Registered: 29/08/2000
Posts: 14496
Loc: Canada
Originally Posted By: mlord
Mine is using aufs ("another unionfs") rather than the older unionfs, but apart from that it's pretty much the same setup.

Continuing in the tradition of using the internet as a huge personal backup device, here is the little script I use to convert my notebook into a RAM-based kiosk at boot time, with read/write access still available under /.rw/ for when I need it.

Save it as /sbin/aufs_init and make it executable (chmod 755 /sbin/aufs_init).

To use it, just add init=/sbin/aufs_init to the kernel command line (via the GRUB menu at boot time, or statically in the /boot/grub/menu.lst file.

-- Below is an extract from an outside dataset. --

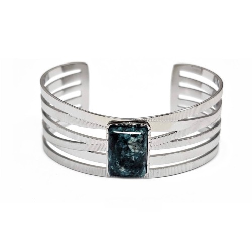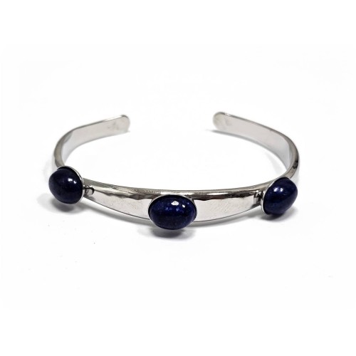 Βραχιόλι Πέτρα 316L, σταθερό με Lapis σε χρώμα Ασημί..

It then runs and does its tricks before passing control to the real (usual) /sbin/init program.

I also hacked the system startup script /etc/init.d/checkroot.sh to detect this and not bother attempting filesystem checks when running from RAM.

And just for fun, I also added custom reboot/halt scripts to just do immediate actions rather than running through all of the usual crap, but again only when running from RAM (2-second reboots!).

The result is a *very* fast notebook, with low wear/tear on the el-cheapo solidstate CF card. But it can also be used with a plain hard disk, for situations where you want to loan it or experiment with new software, and not have anything new saved permanently.

Note that this does require a kernel with built-in aufs ("another union filesystem") support, which is not yet in mainline. Ubuntu kernels *do* have it by default, though.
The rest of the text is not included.